4.Community cloud: It involves sharing of computing infrastructure in between organizations of the same community. For example all Government organizations within the state of California may share computing infrastructure on the cloud to manage data related to citizens residing in California.

Based on a service that the cloud is offering, we are speaking of either:

Infrastructure as a Service (IaaS) means you're buying access to raw computing hardware over the Net, such as servers or storage. Since you buy what you need and pay-as-you-go, this is often referred to as utility computing. Ordinary web hosting is a simple example of IaaS: you pay a monthly subscription or a per-megabyte/gigabyte fee to have a hosting company serve up files for your website from their servers.

Software as a Service (SaaS) means you use a complete application running on someone else's system. Web-based email and Google Documents are perhaps the best-known examples. Zoho is another well-known SaaS provider offering a variety of office applications online.

Platform as a Service (PaaS) means you develop applications using Web-based tools so they run on systems software and hardware provided by another company. So, for example, you might develop your own ecommerce website but have the whole thing, including the shopping cart, checkout, and payment mechanism running on a merchant's server. Google App Engine are examples of PaaS.

And also we have many services such as Storage, Database, Information, Process, Application, Integration, Security, Management, Testing-as-a-service.

Advantages of Cloud Computing

•Lower upfront costs and reduced infrastructure costs.
•Easy to grow your applications.
•Scale up or down at short notice.
•Only pay for what you use.
•Everything managed under SLAs.
•Overall environmental benefit (lower carbon emissions) of many users efficiently sharing large systems.

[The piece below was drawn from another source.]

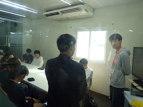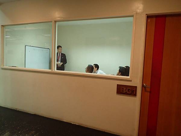 正在上課,門是透明的,可以看到裡面上課的情形。

Drawbacks of Cloud Computing

•Higher ongoing operating costs. Could cloud systems work out more expensive?
•Greater dependency on service providers. Can you get problems resolved quickly, even with SLAs?
•Risk of being locked into proprietary or vendor-recommended systems? How easily can you migrate to another system or service provider if you need to?
•What happens if your supplier suddenly decides to stop supporting a product or system you've come to depend on?
•Potential privacy and security risks of putting valuable data on someone else's system in an unknown location?
•If lots of people migrate to the cloud, where they're no longer free to develop neat and whizzy new things, what does that imply for the future development of the Internet?
•Dependency on a reliable Internet connection.